1. The optical retardation of single muscle fibres at rest and the optical properties of the large, early birefringence signal detectable during a twitch (Baylor & Oetliker, 1975, 1977a) were investigated. 2. The resting birefringence, B, which is the factor relating resting retardation, R, to the light path length through the fibre, L, was found to be 2.25 x 10-3 (i.e. R = 2.25 X 10-3 X L) and to be independent of wavelength ( lambda = 480-660 nm). 3. When the angle of incidence, psi, of the crossed polarizers with respect to the fibre axis was varied, the resting light intensity and large, early change in light intensity were related by the function sin2 psi-cos2psi. When the net phase shift, phi lambda, of a narrow longitudinal strip of fibre plus compensator was varied, the resting light intensity was described by the function (1-cos phi lambda), whereas the early change in light intensity followed sin phi lambda. These results make it likely that the optical mechanism underlying the early birefringence signal is a change in retardation. 4. When a narrow longitudinal strip of fibre was illuminated by monochromatic light in the range 480-690 nm, the magnitude of the signal varied approximately as expected if the retardation change is independent of wave-length. 5. The spatial characteristics of the signal were examined by moving a small slit of light across the fibre width as well as by measuring the signal collected from the entire fibre width as a function of wave-length. The results from both experiments support the idea that the large, early change in retardation is due to a volume-related rather than surface-related structure. 6. Under the assumption that the retardation change is distributed as fibre volume, its average magnitude was calculated. For fibres in normal Ringer the peak of the early retardation change compared with resting is about 1.7 x 10-3, and for fibres in D2O Ringer about 0.7 x 10-3.

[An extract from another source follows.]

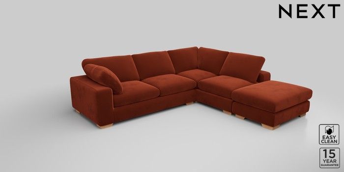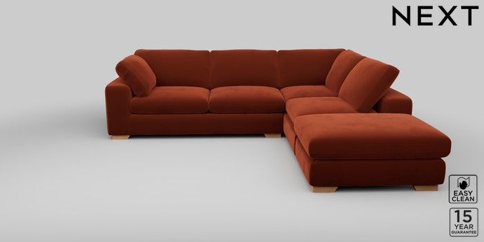 7.2.10 N Premium The Snuggle Grand Large Open End Corner Chaise - Right Hand Plush Velvet Easy Clean Ginger Orange Large Square Angle - Light | Made Click here to use our website with more accessibility support, for example screen readers

Birefringence signals from surface and t-system membranes of frog single muscle fibres.

1. When the tonicity of Ringer is increased above 2-5 times normal and a single fibre stimulated externally, the large, early birefringence signal preceding twitch tension (Baylor & Oetliker, 1975, 1977 a,b) is sufficiently reduced and delayed so as to reveal a small but distinct signal ('1st component") preceding it. For an average-sized fibre, the deltaI/I of the 1st component was (minus) 1 to 2 x 10-5. 2. The time course of the 1st component superimposed with the surface action potential simultaneously recorded by an internal micro-electrode. The polarity of the 1st component reversed with compensation. 3. From these characteristics, the 1st component is thought to arise from a small change in optical retardation of the surface membrane due to the action potential. 4. When a fibre was impaled with two micro-electrodes, retardation changes accompanying small hyperpolarizing and depolarizing current steps were detected. In some cases the polarity of the observed signal was opposite in sign to that expected for a retardation change only from the surface membrane. 5. Because the anatomical orientation of the T-system appears to be primarily transverse rather than longitudinal, these signals of opposite polarity are probably, on balance, due to retardation changes from the membranes of the T-system. 6. The possible origin of the large birefringence signal preceding contraction is discussed.